Source data START

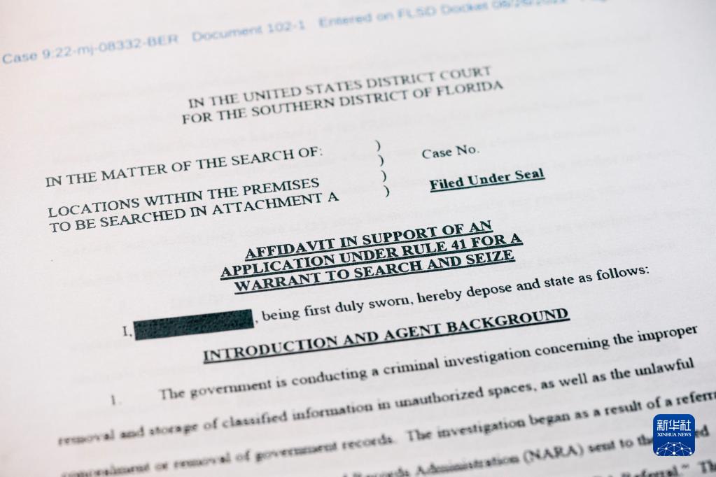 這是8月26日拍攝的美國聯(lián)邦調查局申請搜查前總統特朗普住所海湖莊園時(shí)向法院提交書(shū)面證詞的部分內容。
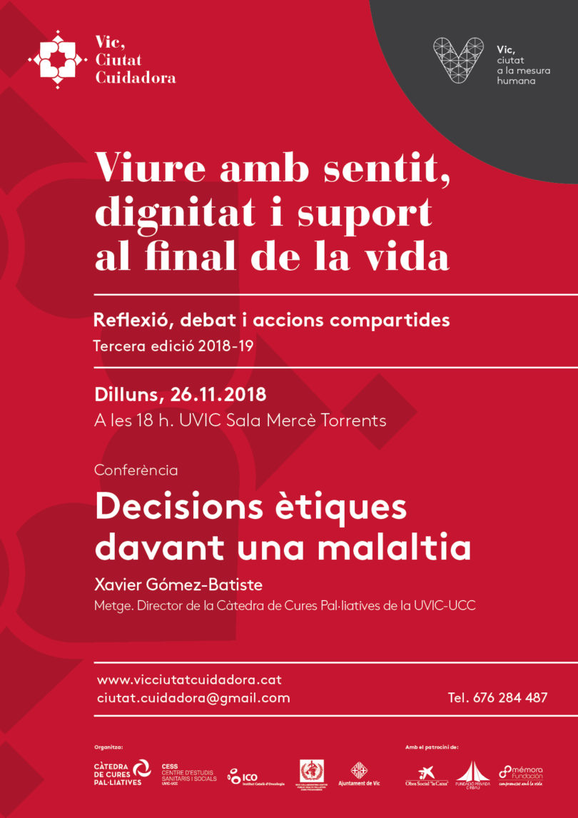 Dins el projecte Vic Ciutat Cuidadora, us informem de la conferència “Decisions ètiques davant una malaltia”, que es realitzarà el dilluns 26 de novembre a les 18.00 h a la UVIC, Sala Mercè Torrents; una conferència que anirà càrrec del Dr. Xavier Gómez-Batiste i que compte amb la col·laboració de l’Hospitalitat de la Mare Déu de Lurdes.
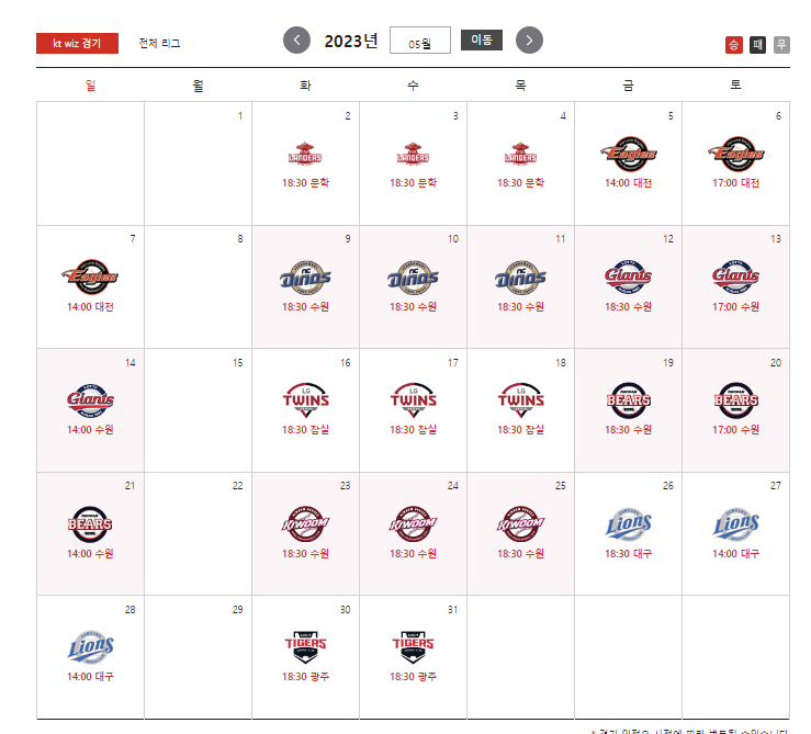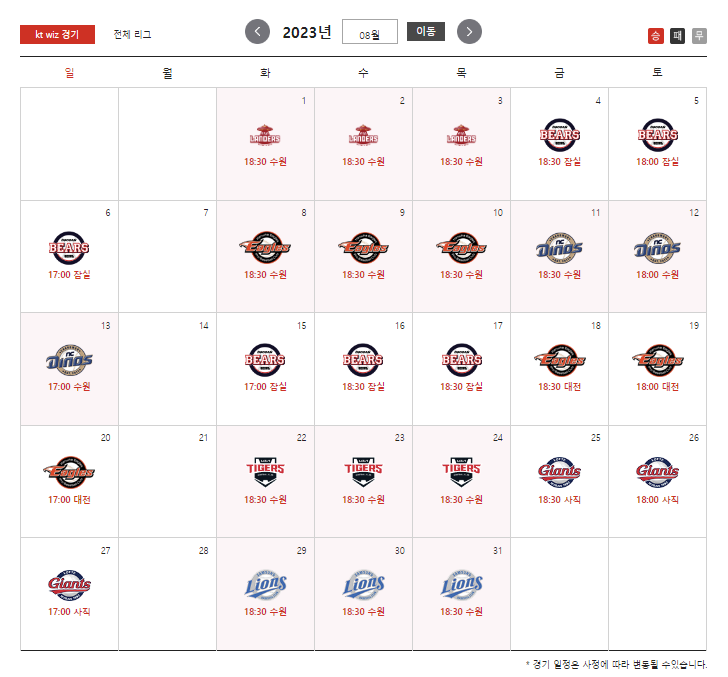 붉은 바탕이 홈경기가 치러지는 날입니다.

Source data END

**What to work on:**
Reproduce the material exactly; keep pictures out.

**Answer box:**
 這是8月26日拍攝的美國聯(lián)邦調查局申請搜查前總統特朗普住所海湖莊園時(shí)向法院提交書(shū)面證詞的部分內容。
 Dins el projecte Vic Ciutat Cuidadora, us informem de la conferència “Decisions ètiques davant una malaltia”, que es realitzarà el dilluns 26 de novembre a les 18.00 h a la UVIC, Sala Mercè Torrents; una conferència que anirà càrrec del Dr. Xavier Gómez-Batiste i que compte amb la col·laboració de l’Hospitalitat de la Mare Déu de Lurdes.
 붉은 바탕이 홈경기가 치러지는 날입니다.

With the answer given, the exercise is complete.